The latest Consumer Price Index (CPI) data released Tuesday reveals that year-over-year inflation for the month of March hit 8.5%. This was a 1.2% increase from the previous month of February. Inflation has become a major problem for most Americans and unfortunately, it does not seem to be showing any signs of slowing down.
The CPI is a measure of the average change over time in the prices paid by urban consumers for a market basket of consumer goods and services. It has been a metric for measuring inflation for years but does not always paint a perfectly accurate picture of overall inflation. However, it does provide a closer look at how particular sectors are doing from an inflationary standpoint. It can have explanatory power for why your bills continue to go up, especially on important reoccurring items in your household budget.
Most taxpayers have probably noticed that food and grocery prices have gone up quite a bit in the last year. The CPI data reflects that growth and shows that food, in general, has gone up 8.8% in that time. Food prices are expected to continue to rise to historic levels for a number of different reasons in the near future due to things like supply chain issues, the increased price of fertilizer, and general shortages due to terrible policymaking in response to COVID-19 by various echelons of government.
Another commodity that has proven problematic to most taxpayers as of late is the price of gasoline. In the last year, gasoline has risen 48% and the price of oil has increased 70%! This, ofcourse does not come as a surprise to anyone who has filled up at the pump in the last few months. There are a number of factors that have caused this but the problem can ultimately be boiled down to bad policy in the end. The United States has halted its efforts to produce oil in mass and has shut down projects like the Keystone Pipeline under the disastrous Biden regime.

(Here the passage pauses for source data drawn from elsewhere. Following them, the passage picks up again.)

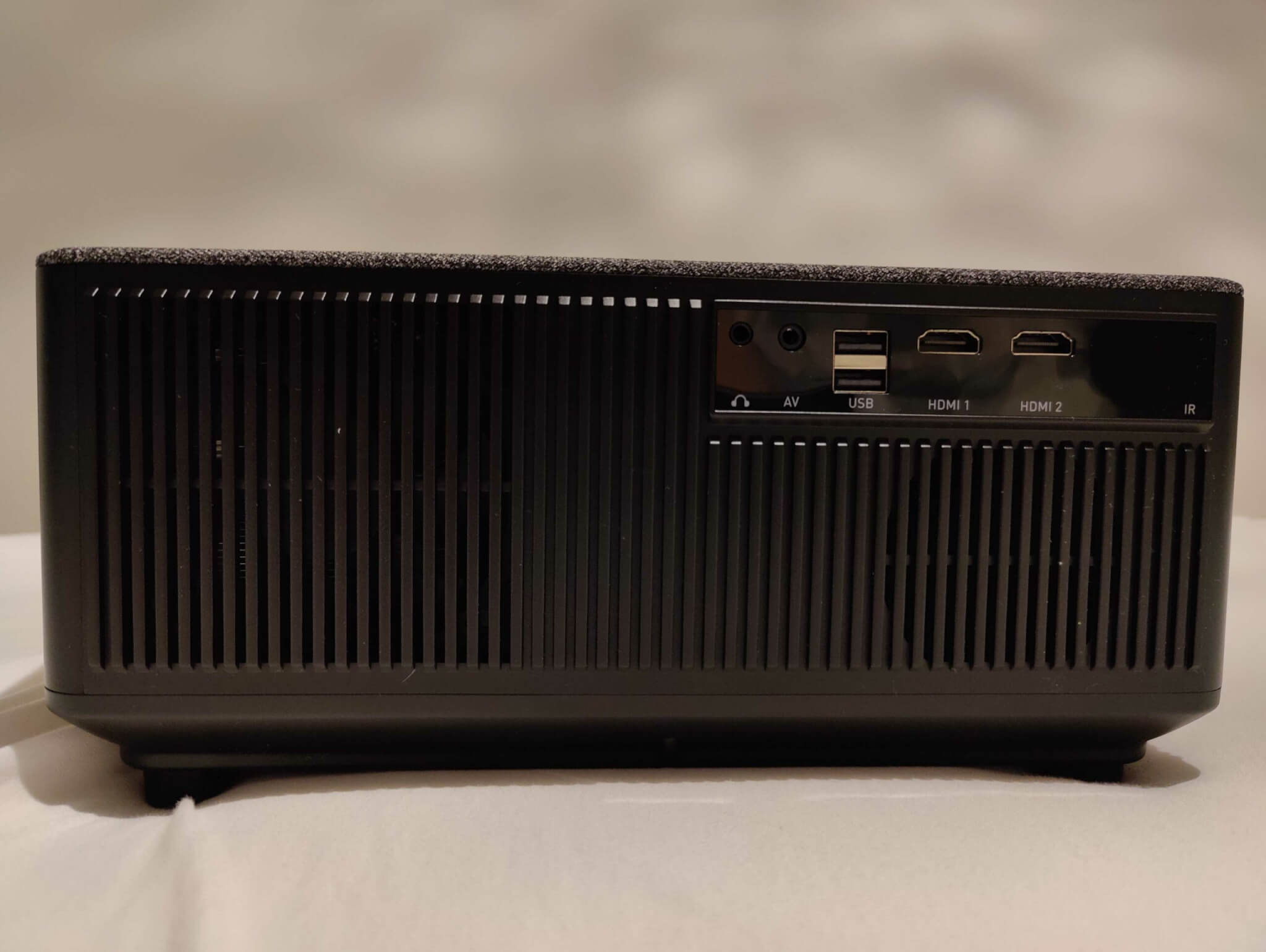 Der Karton wird vorsichtig geöffnet, das Zubehör aus der Schachtel genommen und schon kommt das Prachtstück – geschützt durch Schutzpolster auf beiden Seiten – zum Vorschein. Das Gute Stück (Abmessungen 30 cm x 25 cm x 14 cm) wird aus der Schachtel gezogen und gleich mal begutachtet. Gleich fällt die hochwertige Verarbeitung auf. Die obere Seite ist mit einem edlen Stoff (IPX5 Standard – Staubabweisend) überzogen, in den die On-Device-Bedienelemente schön eingearbeitet wurden. Auf der rechten Seite ist der Anschluss für die das Stromkabel, während auf der Rückseite die Anschlüsse für die Inputs (z.b. HDMI oder USB) sind. Auf der vorderen Seite ist – wie nicht anders bei einem Projektor zu erwarten – die Linse, die durch eine abnehmbare Abdeckung geschützt ist. In der Box enthalten sind – und das ist definitiv ein Pluspunkt – entsprechende Basiskabel (zb. HDMI). Auch eine Fernbedienung ist enthalten, doch die dafür notwendigen Batterien sind leider nicht im Paket dabei.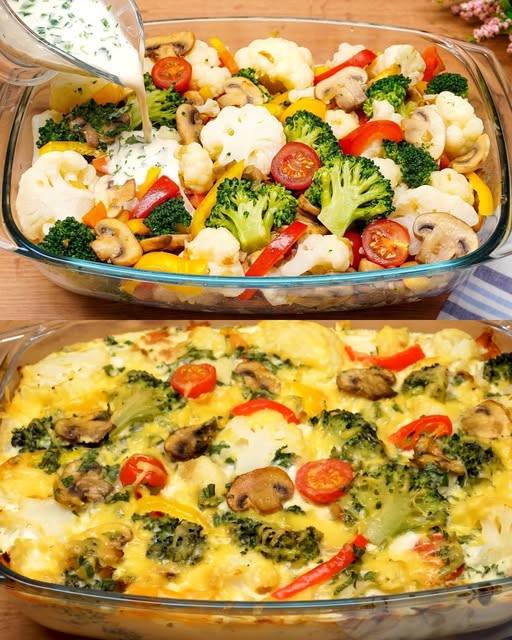 Denna ugnsbakade grönsaks- och ostgryta är en utsökt och rejäl rätt, perfekt till alla måltider. Genom att kombinera näringsrik broccoli, blomkål och en mängd olika färgglada grönsaker med en krämig blandning av ägg och smält ost kommer denna gryta garanterat att glädja alla vid bordet. Den är lätt att tillaga och fungerar som en tillfredsställande huvudrätt eller ett utsökt tillbehör. Tillagningstid: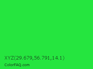 XYZ 29.679,56.791,14.1 Color is a normal green color and the nearest color is Lime Green #32cd32. Hex code #25e53f and RGB value is rgb(37,229,63). In RGB color space, this color is composed of 15% red, 90% green, 25% blue, In CMYK color space, this color is composed of 84% cyan, 0% magenta, 72% yellow , 10% black , In HSL color space, this color has a hue angle of 128° , 79% saturation and 52% lightness.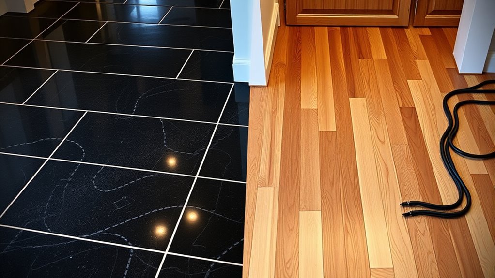 Choosing between electric and hydronic heated flooring depends on your project size and budget. Electric systems are simple to install, ideal for small spaces and quick upgrades, but can increase operating costs over time. Hydronic systems are more complex and costly upfront but offer better energy efficiency for larger areas and long-term use. To find the perfect fit for your home and needs, exploring details about installation, costs, and long-term benefits can help make an informed decision.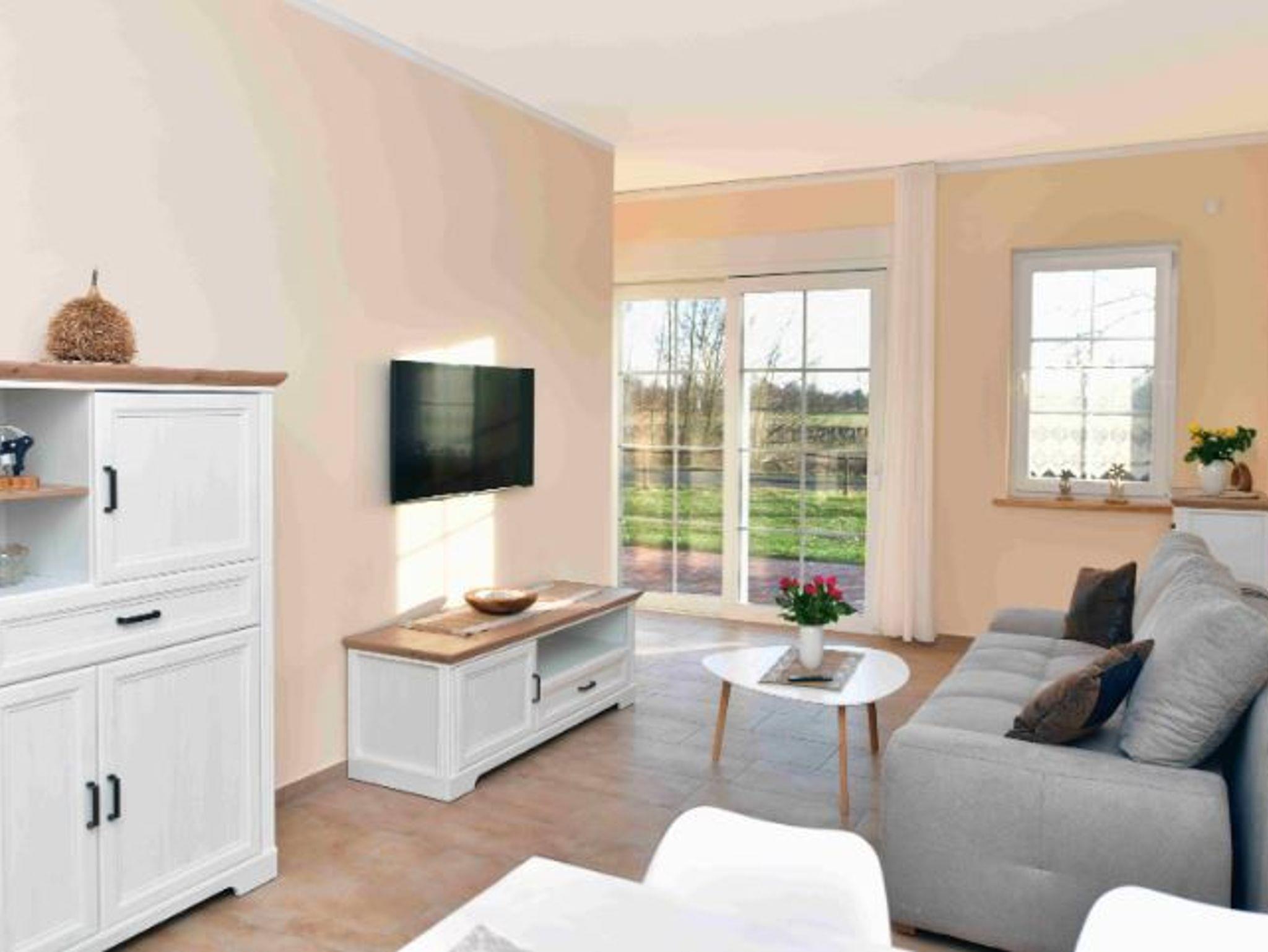 Die Ferienwohnung verfügt über einen komfortablen Wohn-Ess-Bereich, Küche, zwei Schlafzimmer, Bad, TV und Radio. Die Küche bietet jeglichen Komfort, zum Beispiel Elektroherd mit Kochfeld, Mikrowelle, Kaffeemaschine, Kühlschrank und Geschirrspüler. Die Aussicht kann man auf der Terrasse genießen.
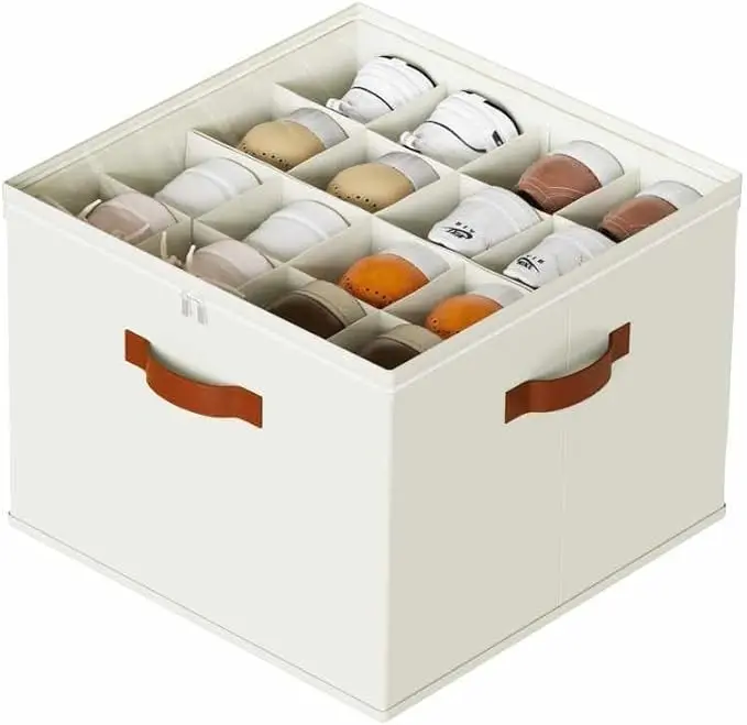 Shoe Storage Box Organizer with Adjustable Dividers Transparent Cover Handles on 3 Sides Beige 17x17x12.5 Inches for Efficient Storage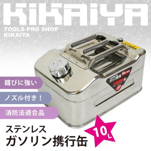 ガソリン携行缶 10L 横型 高級ステンレス SUS304 ガソリンタンク ジェリカン 消防法適合品 KIKAIYA
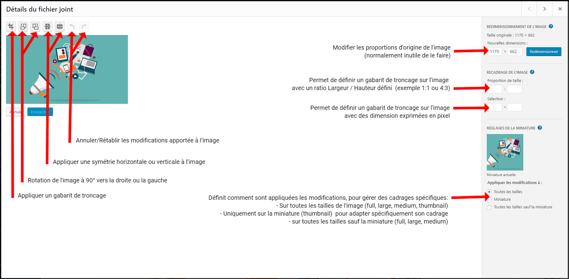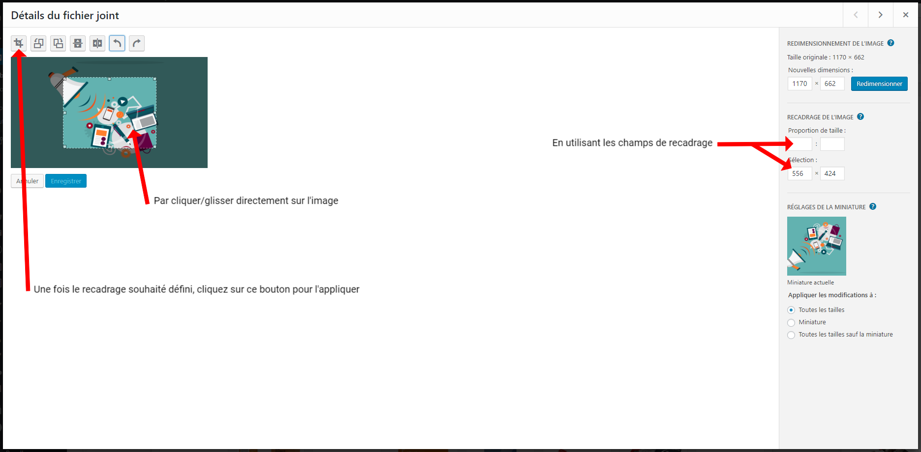 Si votre image d’origine n’est pas cadrée comme souhaité et que vous n’avez pas d’éditeur d’images à disposition (Ex: Photoshop), WordPress propose un outil pour vous permettre de le faire.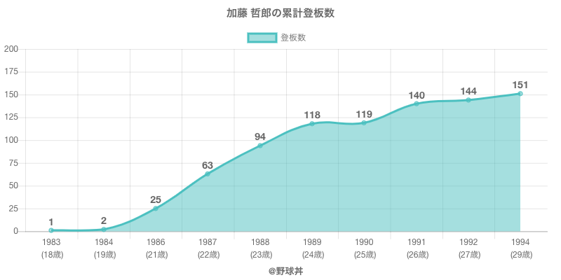 加藤 哲郎 (61歳)は1983年から1994年にかけて活躍した元近鉄や広島東洋所属のプロ野球選手です。 投打は右投右打で、守備位置は主に投手、日本球界初出場は1983年で当時19歳でした。 同年代には染宮(元ヤクルト)やデイビット(元福岡ダイエー)がいます。 過去には1987年近鉄で全38試合出場39奪三振や1988年近鉄で全31試合出場46奪三振という結果を残しています。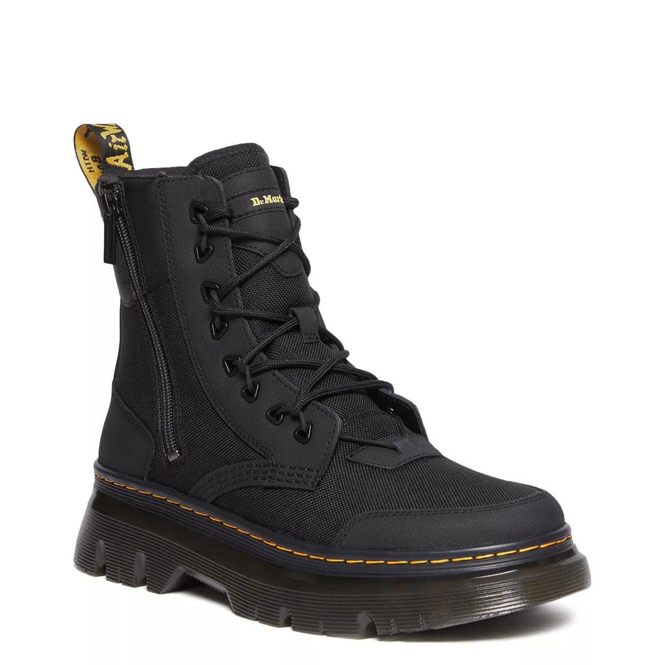 Stomp around in style wearing these youth girl's Dr. Martens black Combs Combat boots. Comprising a leather upper with round toe front, these casual boots feature secure lace-up closure, a convenient heel pull loop, contrast welt stitching details, a cozy footbed and a grippy rubber outsole.

The price of used cars and trucks has gone up 38% in the last year as well, causing more problems for travelers that are already struggling with the price of gasoline. The left’s solution to this problem is not to allow the U.S. to start producing oil en masse again, ultimately ending our dependence on foreign oil, but rather has been to chastise Americans for not buying brand new $70k electric vehicles. This is one of the many reasons why Biden’s approval rating sits at an abysmal 42%.
The solution should be simple and it is the same solution that can be applied to all economic woes. The government needs to get out of the way. Regulation slows production and economic growth. Yet seemingly, the worse things get the harder the government seems to want to clamp down, focusing more on environmental and ‘woke’ extremism rather than helping everyday Americans that are barely making it day to day.
Texas, which generally does better than the rest of the nation, has its own struggles. Texas has the 6th highest property taxes in the nation, and many Texas taxpayers are in the midst of getting hit with extremely high appraisals and tax bills as this is written.
The bad news is that Texas taxpayers will have to wait until January of 2023 in order to have hope of any real change in policy. So far Governor Abbott has refused to call a special legislative session to deal with the litany of issues the Texas legislature failed to deal with during the last legislative session. These issues include eliminating property taxes, banning taxpayer-funded lobbying, prohibiting gender modification on children, and recent issues brought into the spotlight by the grassroots Texans relating to a demand of ‘anti-grooming’ legislation like that passed in Florida. So far it does not appear as though Abbott will be calling a special session to assist Texans, so taxpayers will simply have to wait and ride out the storm until next year.